> _The task_:
The listing below begins with the first line you should copy; stop after the line containing "YY/T 0196-1994 一次性使用心电电极", and drop every picture.
-- Opening Marker --
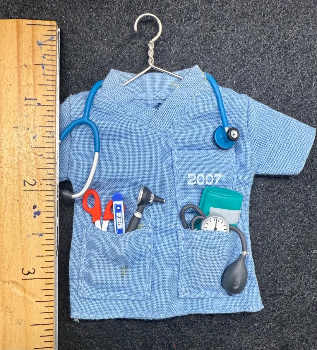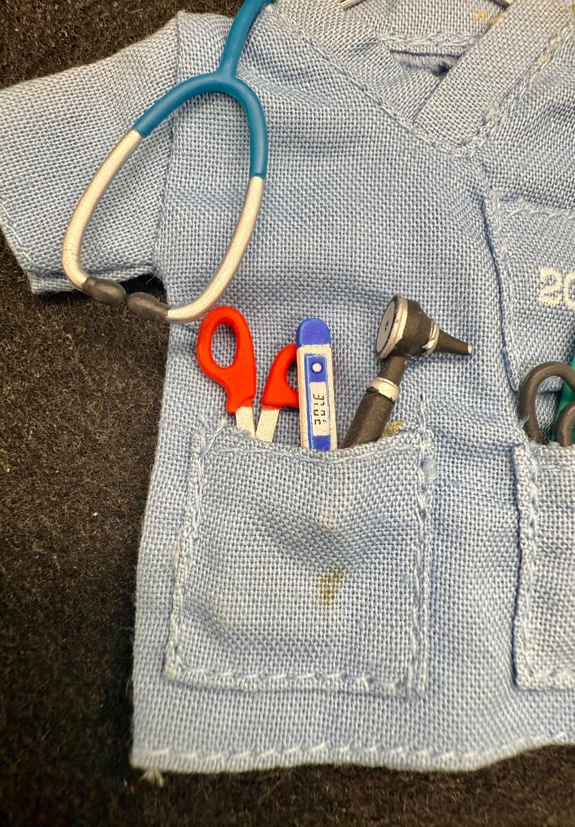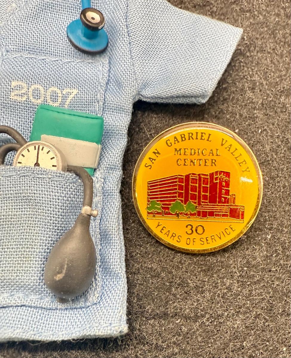 Size of the coat is similar to Barbi clothes. Copat is on a hanger, with a stethoscope, scissors, thermometer, blood pressure cuff and otoscope. 30 service pins are for San Gabriel Valley medical center.
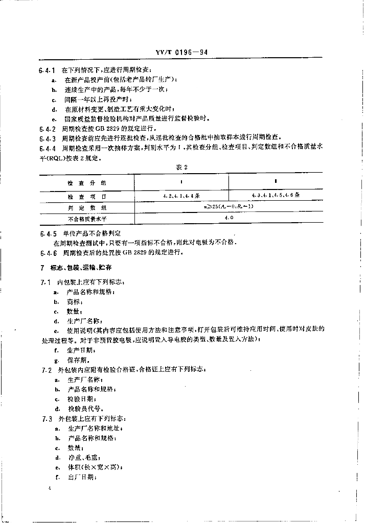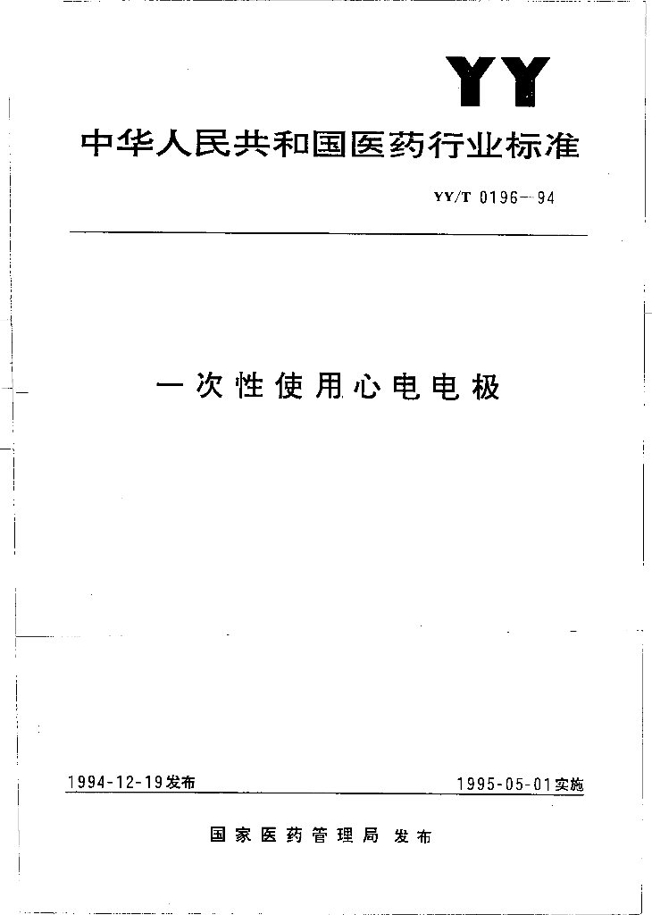 YY/T 0196-1994 一次性使用心电电极
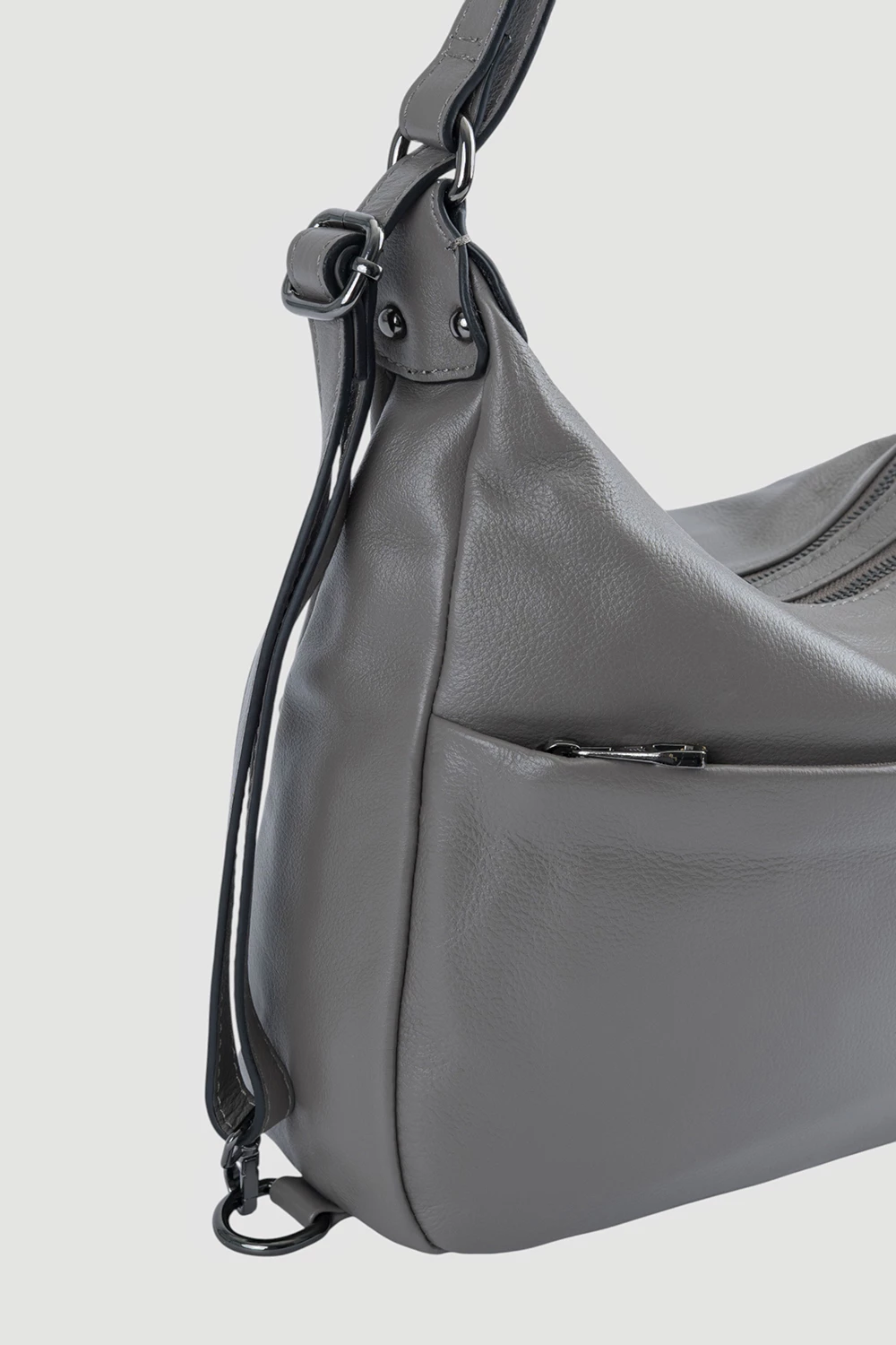 Серый трансформер с двумя отделами на молнии, внутри - карман на молнии и открытый карман. Спереди предусмотрен наружный карман, сзади - скрытый потайной на молнии для мелочей. Сумка универсальна и удобна в использовании.● закрывается на молнию
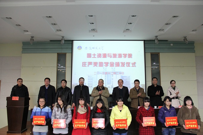 据悉,安徽师范大学庄严奖、助学金自2008年起由安徽芜湖庄严基金会捐资设立,旨在通过奖励和资助的方式,帮助贫困大学生解决学习、生活上的困难,使他们能够励志成才,顺利完成学业。成立至今6年的时间里,庄严奖、助学金累计资助金额达75万元,资助同学810人次,为诸多大学生缓解了生活、学习问题,是国旅学院募集社会化助学基金中设立时间最长、奖助金额最大、覆盖面最广的一项奖助学金。
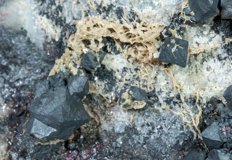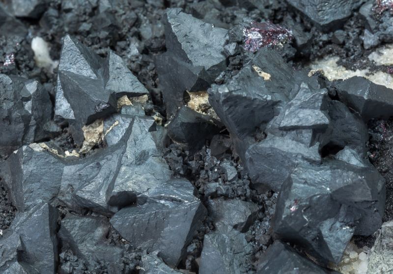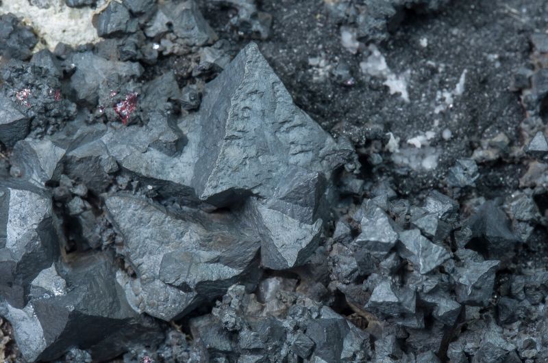 Acanthite crystals on matrix, very sharp, with coatings in some areas of yellow Siderite. Proustite is also present and in general the specimen is notable both for the definition of the Acanthite crystals and for the fact that they are on a rock matrix, which is very rare in this deposit.Imiter Mine, Jebel Saghro, Imiter District, Tinghir Province, Drâa-Tafilalet Region Morocco (2020)
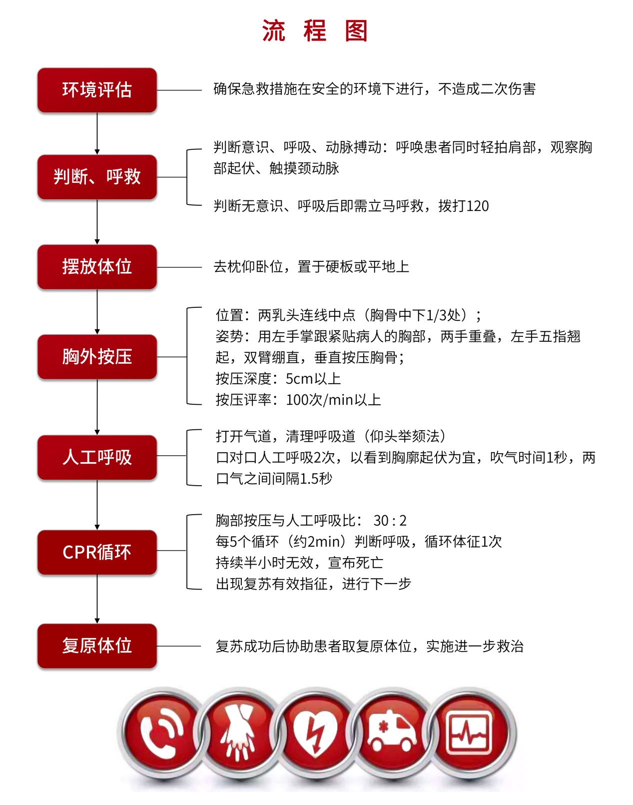 心肺復(fù)蘇術(shù)是針對由于各種原因?qū)е碌男牟E停,在4~6分鐘內(nèi)所必須采取的急救措施之一。其目的在于盡快挽救腦細(xì)胞在缺氧狀態(tài)下壞死(四分鐘以上開始造成腦損傷,十分鐘以上即造成腦部不可逆之傷害),對搶救生命有著重要的意義。心肺復(fù)蘇適用于心臟病突發(fā)、溺水、觸電、窒息或其他意外事件造成之意識昏迷并有呼吸及心跳停止之狀態(tài)。
-- Closing Marker --
> _Expected answer_:
 Size of the coat is similar to Barbi clothes. Copat is on a hanger, with a stethoscope, scissors, thermometer, blood pressure cuff and otoscope. 30 service pins are for San Gabriel Valley medical center.
 YY/T 0196-1994 一次性使用心电电极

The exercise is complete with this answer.